The securities offered have not been registered under the U.S. Securities Act of 1933, as amended, and may not be offered or sold in the United States absent registration or an applicable exemption from the registration requirements. This press release shall not constitute an offer to sell or the solicitation of an offer to buy nor shall there be any sale of the securities in the United States or in any other jurisdiction in which such offer, solicitation or sale would be unlawful. To date, Peter Bell, an officer and director of Kermode, participated in the Private Placement and acquired an aggregate of 525,000 Units. The subscription by Peter Bell constitutes a related party Transaction.
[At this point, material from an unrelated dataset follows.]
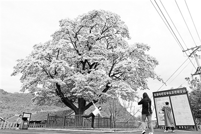 因為一株流蘇古樹正值花期,讓平靜的蘇家峪村熱鬧起來,優(yōu)雅清新的流蘇花,吸引來眾多鄉(xiāng)鄰前來觀賞。據(jù)記者了解,流蘇樹是北京市二級保護野生植物,能達到古樹級別的流蘇樹非常稀少,全市僅有三株,因此極為珍貴。

The Issuer will rely on exemptions from the formal valuation and minority shareholder approval requirements of MI 61-101 contained in sections 5.5(a) and 5.7(1)(a) thereof as neither the fair market value of the subject matter of, nor the fair market value of the consideration for, the Financing, insofar as it involves the related parties, will exceed 25% of the Issuer's market capitalization.

About Kermode Kermode is a junior mining company hunting for exploration opportunities around the world.
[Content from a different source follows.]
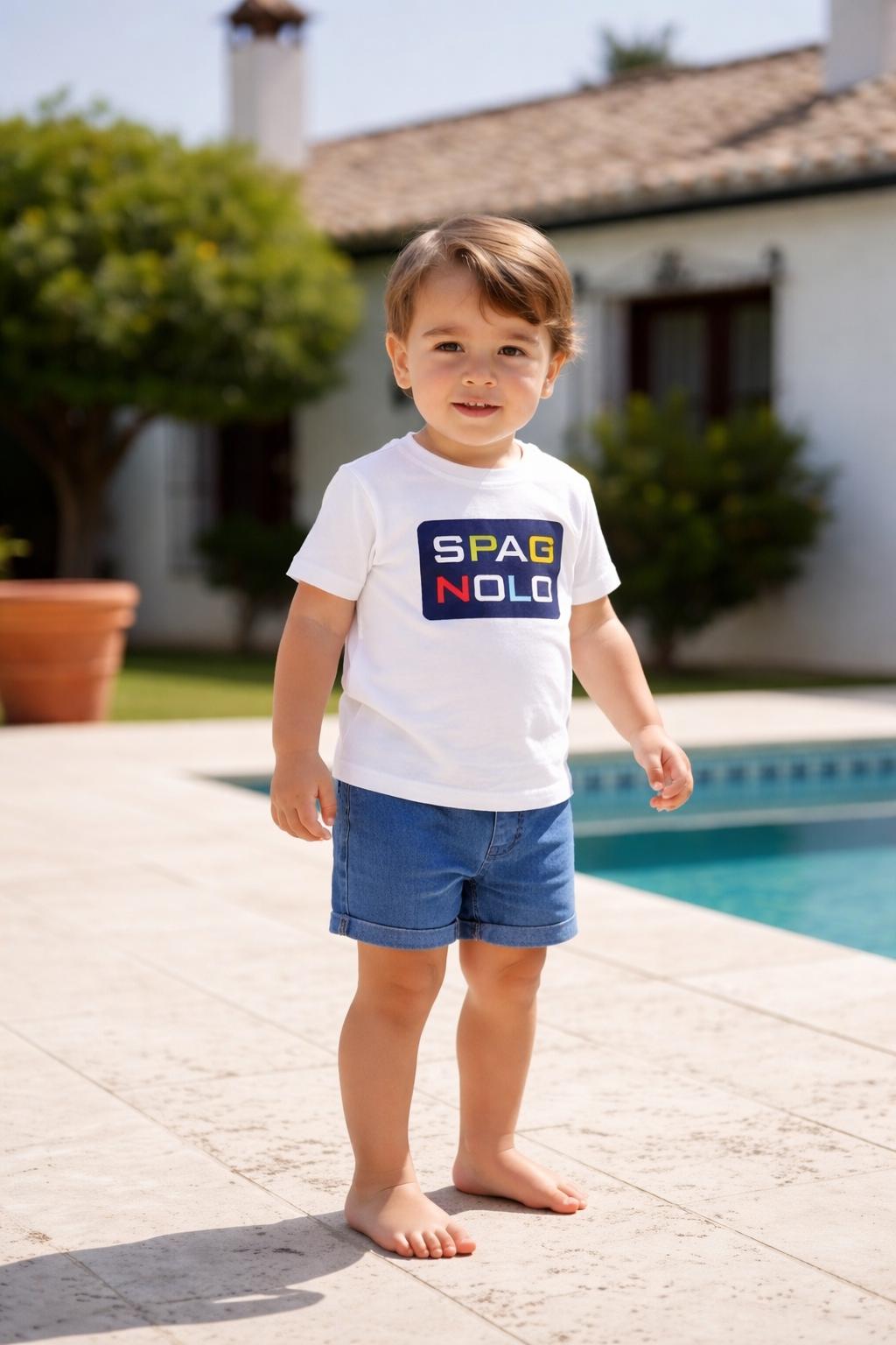 Conjunto infantil de dos piezas formado por camiseta y pantalón corto, ideal para los días de verano por su estilo cómodo y fresco.

On Behalf of the Board of Directors, KERMODE RESOURCES LTD

"Peter Bell" President/CEO

For further information please contact:

Tel: 1-250-588-6939

Email: peterbellmining@gmail.com

Website: https://linktr.ee/kermoderesources

Neither the TSX Venture Exchange nor its Regulation Services Provider accepts responsibility for the adequacy or accuracy of this release.

Forward-Looking Statements This news release contains statements that constitute "forward-looking statements" within the meaning of applicable Canadian and United States securities legislation (collectively herein referred to as "forward-looking information"). Such forward looking statements involve known and unknown risks, uncertainties and other factors that may cause Kermode actual results, performance or achievements, or developments in the industry to differ materially from the anticipated results, performance or achievements expressed or implied by such forward-looking statements.
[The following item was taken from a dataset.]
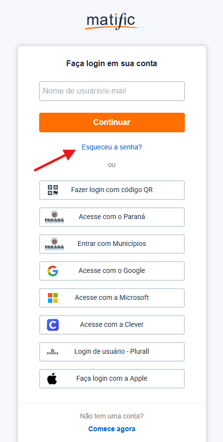 Se você acessa a Matific utilizando o botão facilitador do Google ou Microsoft, a redefinição de senha deve ser feita diretamente pela conta vinculada (Google ou Microsoft), conforme o domínio utilizado.
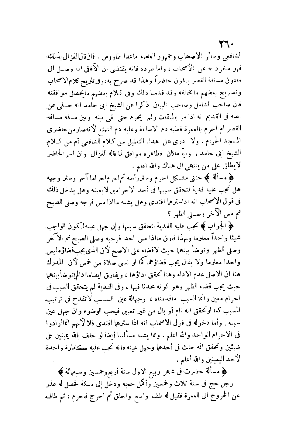 (الْجَوَابُ) تَجِبُ عَلَيْهِ الْفِدْيَةُ بِتَحَقُّقِ سَبَبِهَا وَإِنْ جَهِلَ عَيْنَهُ لِكَوْنِ الْوَاجِبِ شَيْئًا وَاحِدًا مَعْلُومًا وَبِهَذَا فَارَقَ مَا إذَا مَسَّ أَحَدَ فَرْجَيْهِ وَصَلَّى الصُّبْحَ ثُمَّ الْآخَرَ وَصَلَّى الظُّهْرَ وَتَوَضَّأَ بَيْنَهُمَا حَيْثُ لَا قَضَاءَ عَلَى الْأَصَحِّ لِأَنَّ الَّذِي يَجِبُ قَضَاؤُهُ لَيْسَ وَاحِدًا مَعْلُومًا وَلَا يُقَالُ يَجِبُ قَضَاؤُهُمَا كَمَا لَوْ نَسِيَ صَلَاةً مِنْ خَمْسٍ لِأَنَّ الْمُدْرَكَ هُنَا أَنَّ الْأَصْلَ عَدَمُ الْأَدَاءِ وَهُنَا تَحَقَّقَ أَدَاؤُهَا، وَيُفَارِقُ أَيْضًا مَا إذَا لَمْ يَتَوَضَّأْ بَيْنَهُمَا حَيْثُ يَجِبُ قَضَاءُ الظُّهْرِ وَهُوَ كَوْنُهُ مُحْدِثًا فِيهَا، وَفِي الْفِدْيَةِ لَمْ يَتَحَقَّقْ السَّبَبُ فِي إحْرَامٍ مُعَيَّنٍ وَإِنَّمَا السَّبَبُ مَا قَدَّمْنَاهُ، وَجَهَالَةُ عَيْنِ السَّبَبِ لَا تَقْدَحُ فِي تَرْتِيبِ الْمُسَبِّبِ كَمَا لَوْ تَحَقَّقَ أَنَّهُ نَامَ أَوْ بَالَ مِنْ غَيْرِ تَعْيِينٍ فَيَجِبُ الْوُضُوءُ وَإِنْ جَهِلَ عَيْنَ سَبَبِهِ.

Forward-looking statements in this document includes statements, but is not limited to the use of the private placement proceeds (the Company reserves the right to use proceeds of the financing toward other proper uses). Although Kermode believes the forward-looking information contained in this news release is reasonable based on information available on the date hereof, by their nature forward-looking statements involve assumptions, known and unknown risks, uncertainties and other factors which may cause our actual results, performance or achievements, or other future events, to be materially different from any future results, performance or achievements expressed or implied by such forward-looking statements.